Михаило Лалич - Избранное
Все дальше
Если во влажной глине сточной канавы у обочины дороги выдавить рядком буквы: ГАГО, БОЛЕ, ОЛЯ, ДИНАН — или какие-нибудь выдуманные имена, а потом в углубления насыпать чешуйчатого артиллерийского пороху и зажечь восковой спичкой, украденной на кухне у Джукиной матери, возникают и пышут пламенем красноватые и золотистые буквы, именуемые «рекламой», и день этот завершается как праздник. Взрослые подходят и уходят, иногда останавливаются посмотреть, полюбоваться этой красотой, но у них вечно не хватает времени, а может, и воображения, чтобы насладиться от души, и, уж конечно, в голову не приходит спросить у ребят, откуда у них порох. Не интересуются этим и итальянцы: им все некогда, они только и знают, что восклицать «брависсимо» да стрелять глазами в девушек и вскрикивать, заметив красивые ноги, а поскольку им любая нога красивая, стоит ей показаться из-под юбки, то они уже осипли от выкриков. Но горланят по-прежнему, не обращая внимания на то, что сипят и что дети таскают порох из склада боеприпасов.

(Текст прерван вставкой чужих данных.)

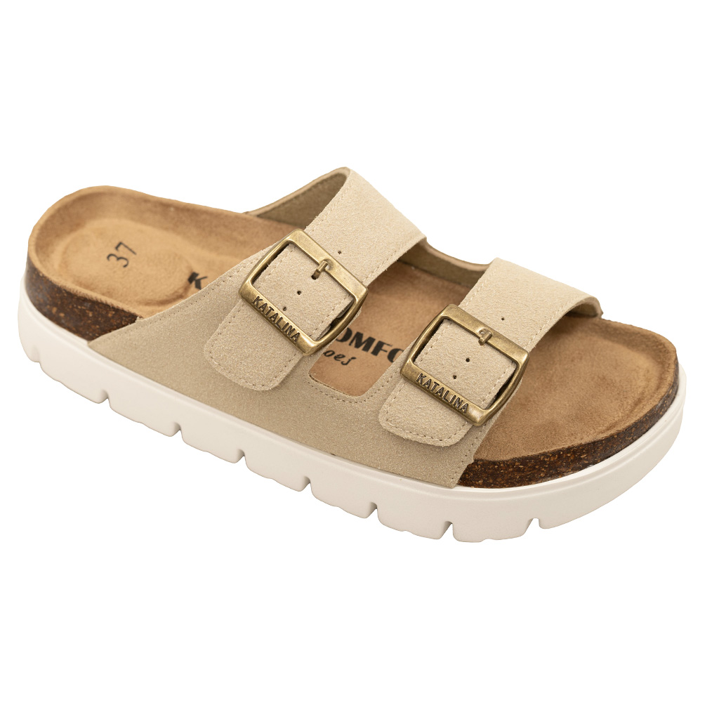 כפכפים אורטופדיים איכותיים בעלי רפידת עור נושמת וסוליית שעם אנטומית, המעניקים תמיכה מושלמת לכף הרגל לאורך כל היום.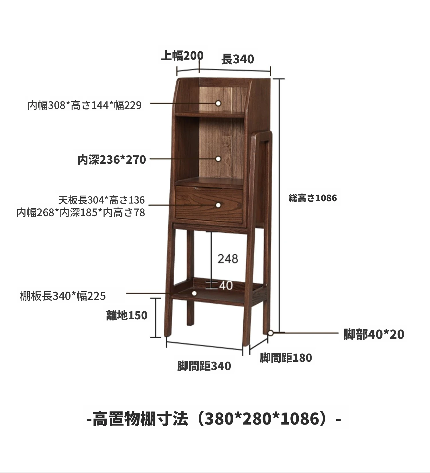 【ウォルナット色】オークシェルフ(ハイタイプ)380*280*1086mm
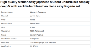 High Quality Women’s Sexy Japanese Student Uniform 2P Cosplay Lingerie – Deep V Backless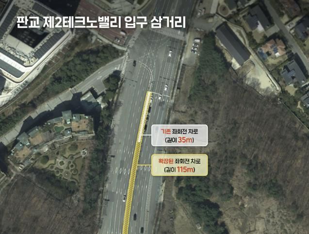 [와이뉴스] 성남시는 판교 제2·3 테크노밸리 일대의 교통혼잡 해소를 위한 단기 교통개선 대책의 일환으로 시흥사거리의 분당~내곡 방향 진출로에 대한 신호 운영을 개선하고, 제2테크노밸리 입구 삼거리의 좌회전 대기 차로를 기존 35m에서 115m로 대폭 연장했다고 2일 밝혔다.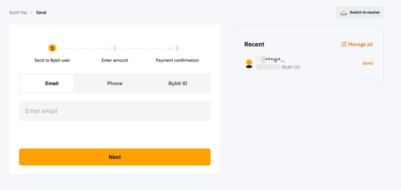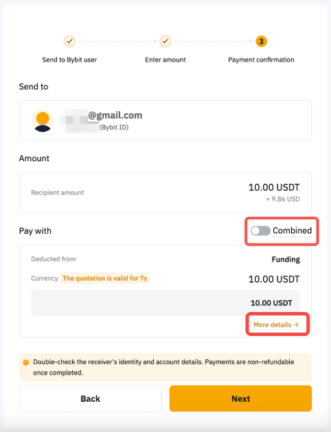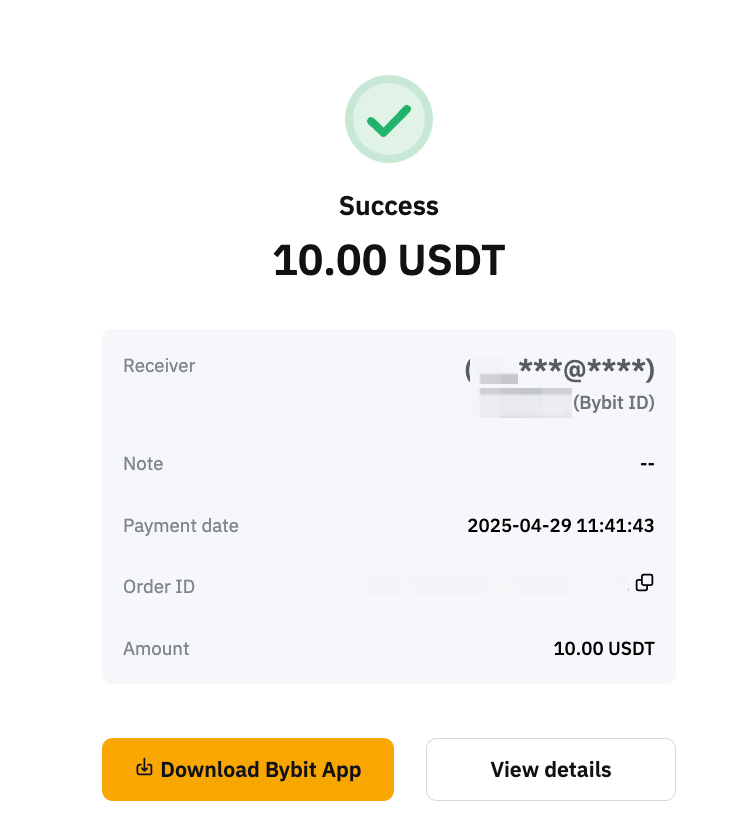 Bybit Pay内部転送を使用すると、取引手数料なしで即座にフィアットを送信し、受信者に暗号を受信させるか、暗号を送信して受信者に暗号資産またはフィアット資産を受信させることができます。現在、この機能を介してフィアットを送信できるのはBybitアプリのみです。Webサポートはまもなく開始されます。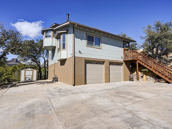 PENDING TAKING BACKUPS!!! Please no Realtors or Investors. Please respect this request. This is a Funky, Beautiful, Unique 3 level, 2952 sq. ft. home at the top of the hill, end of the street with views of the mountains and Thumb Butte. Located 5 minutes from downtown this beautiful 1979 built home is a one of a kind. The lower level has a 2 car garage with built in work bench area and built in cabinets. There is a door that leads to the 600+ sq. ft guest room, in-law quarters, man cave or whatever your hearts desire for this space. The space includes a 3/4 bath, gas fireplace heat, bar sink, refrigerator, room for micro and a French door back entrance with views of Thumb Butte. The main level features the main entrance (upstairs either by front entry stairs or garage stairs) into the Kitchen with granite and tile countertops and Knotty Alder cabinetry including a large pantry cabinet. The Living room features a vaulted ceiling, a Dutchwest Catalytic Combustor wood burning stove and stairs to the upper 700+ sq ft Master vaulted ceiling bedroom. Off the hallway on the main floor is a large bath with a 2 sink vanity and Knotty Alder cabinetry, a laundry room with a door to the deck and a utility sink. 3 bedrooms with ceiling lights with fans and mirrored sliding closet doors. There is a Knotty Alder linen closet at the end of the hall. On the Upper level the Master bedroom features one of 2 large walk-in closets. The Master bathroom features a 2 sink vanity and a deep large tub and has the 2nd walk-in closet. Remember there are plenty of stairs to keep you in shape!!! The outside features a deck the length of the house. The deck is very private with boulders as a natural barrier to your neighbors. Mature natural well kept and Firewised vegetation. Trees such as pine and oak. There is beautiful landscape rock work and pathways to enjoy your yard from. There is a side shed for your tools or large enough for a workshop. The lot size is .53 of an acre with a large/huge dog run in the lower yard area. No HOA and room to park an RV.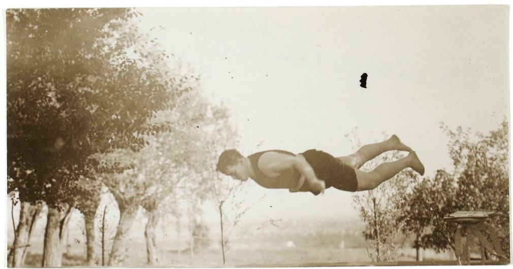 Jacques-Henri Lartigue :: Exploits of my cousin Jean Haguet, pond at Rouzat, France, 1911 / source: howardgreenberg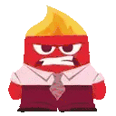 Angry character Anger from Inside Out with fiery head, white shirt, and tie, expressing intense rage.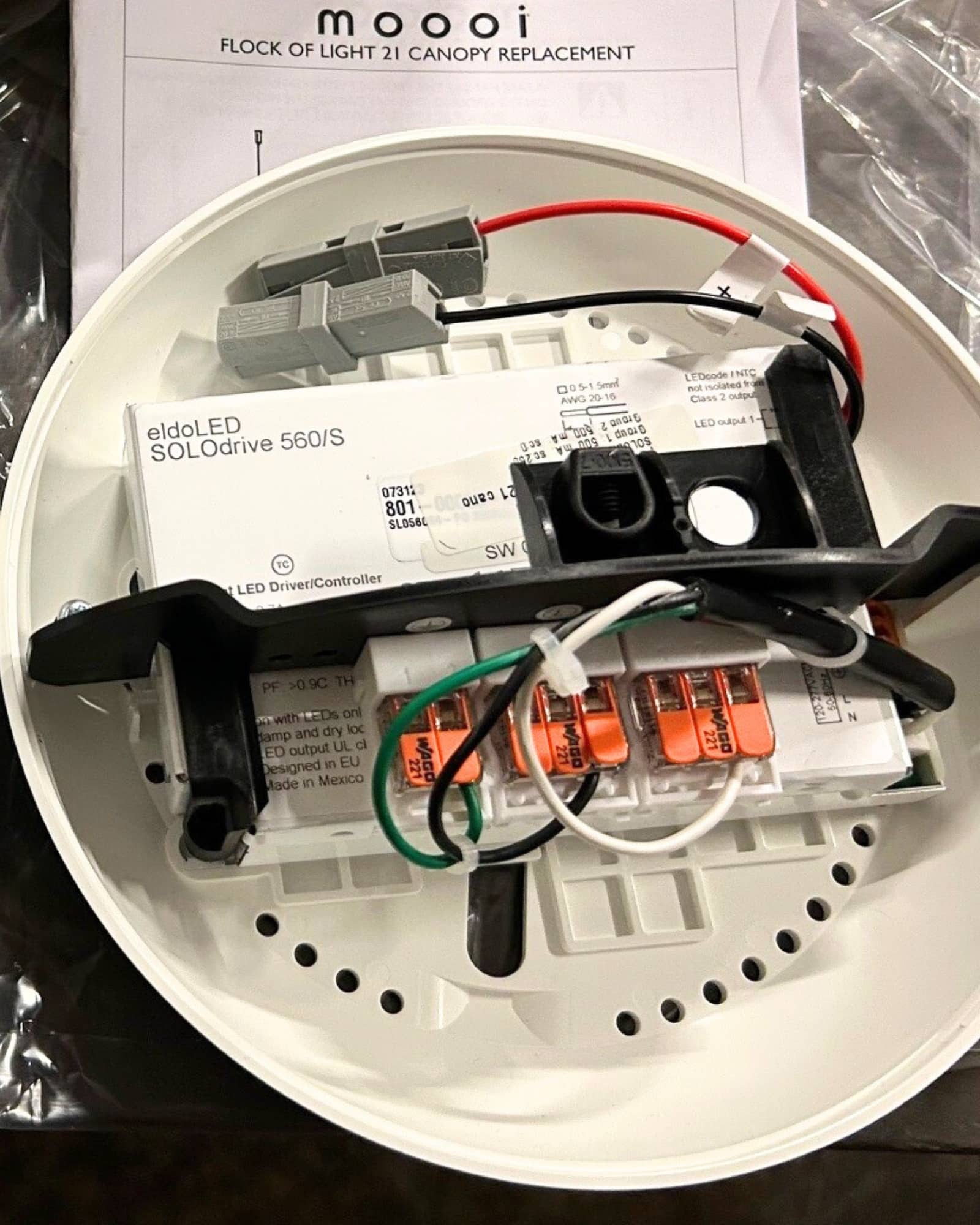 Moooi Flock of Light 21 pebble III canopy including Eldoled driver CE/UL. Om du vill kunna dimra din Flock of Light 21 på ett smidigt och stilrent sätt, är den här artikeln det perfekta komplementet.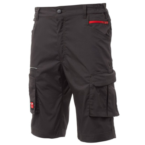 Rugalmas, stretch anyagból készült, ripstop erősítéses unisex rövidnadrág, nagy méretű, jól pakolható praktikus zsebekkel. Sztreccs anyagú rövid munkásnadrág, rugalmas derékkal, körben övbújtatókkalA külső és belső lábszáron tripla soros varrásokkal va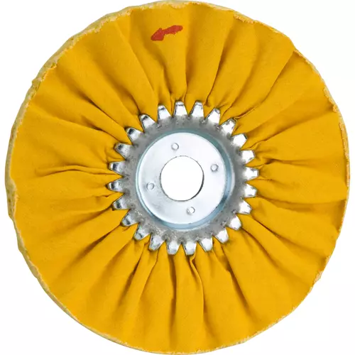 This Hard Airway buff is 100% cotton that's been treated to stiffen the material. The pleats help hold compound. Hard buffs are perfect for removing light scratches in a wide variety of metals.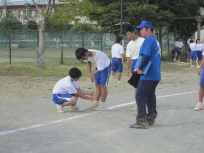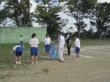 体育祭の競技や応援の練習を終えて,明日の本番に向けて,全生徒で会場の準備を行っています。
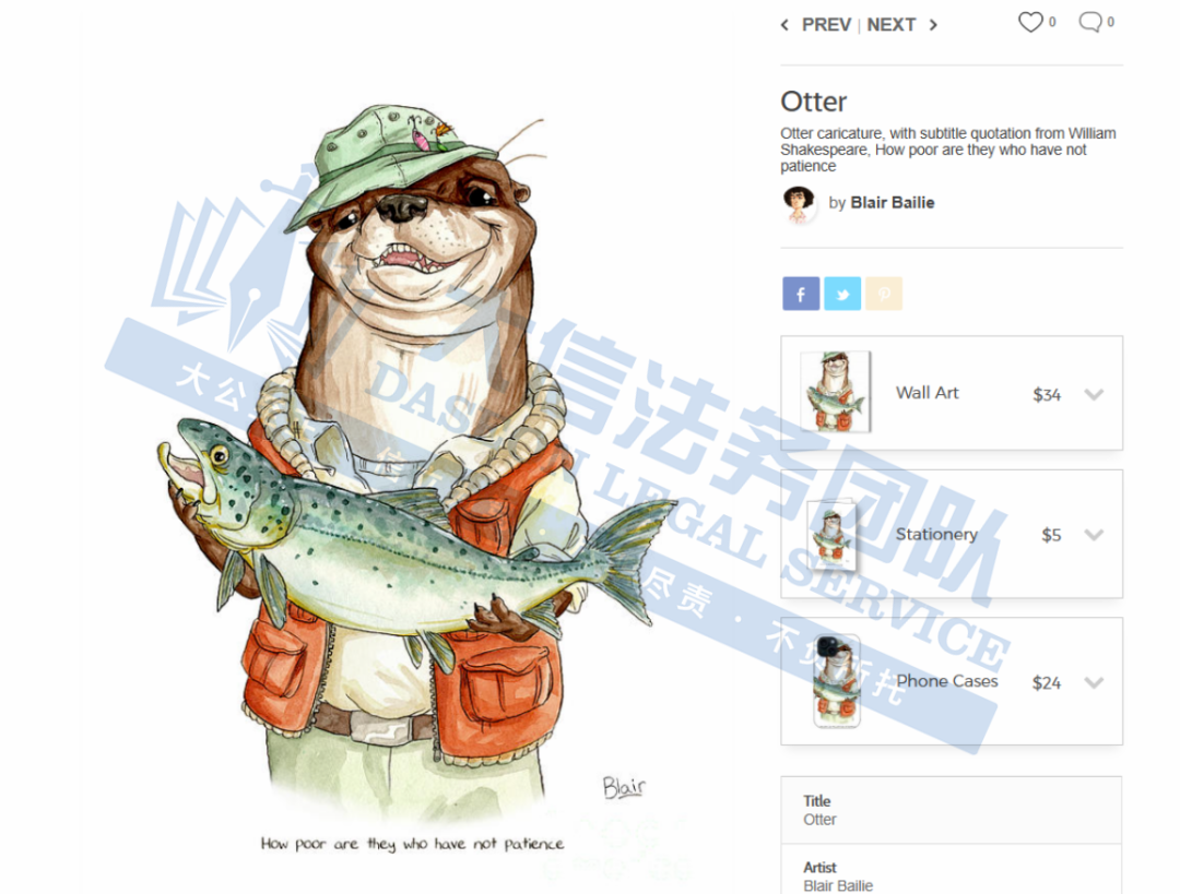 本案为版权侵权,涉及原告1幅水獭版权,版权号:VA0002359243。本案共有28家店铺被波及,以下是涉及版权的具体信息,未经授权不得擅自使用,侵权风险极高,跨境卖家尽快检索下架,避免TRO侵权风险!

У склада выставлен часовой, он держит винтовку на плече и топчется на месте, как лошаденка у постоялого двора. Время от времени прохаживается перед обитым серой жестью хранилищем. Потопает по траве и возвращается, но еще ни разу не удосужился заглянуть за склад, туда, где кустится загаженный солдатами терновник. Ребята подбираются именно с этой стороны, озираются, хотя нужды в том нет никакой. Или Боко Безрукиле наблюдает с пригорка, или Джука — с каменной ограды перед домом, а из сада — то Гаго, то Боле. Порох доставал обычно Дикан, поскольку у него самые длинные руки. Раньше было легче, это удавалось и Оле, и Джуке, нужно было только отыскать лаз под стеной, и можно нагрести пакетиков с порохом сколько душе угодно. По мере того как дальше катилась осень, руку приходилось засовывать все глубже. Однажды даже длиннорукий Дикан не смог ничего подцепить, напрасно он извивался и кряхтел, все равно вернулся ни с чем. Разыскали крюк, какое-то время добывали порох с его помощью, но вот прошло уже целых три дня, как они постились, довольствуясь обычными, густо дымящими деревенскими кострами, прежде чем Боко придумал расширить подкоп под стеной, чтобы Гаго мог забраться.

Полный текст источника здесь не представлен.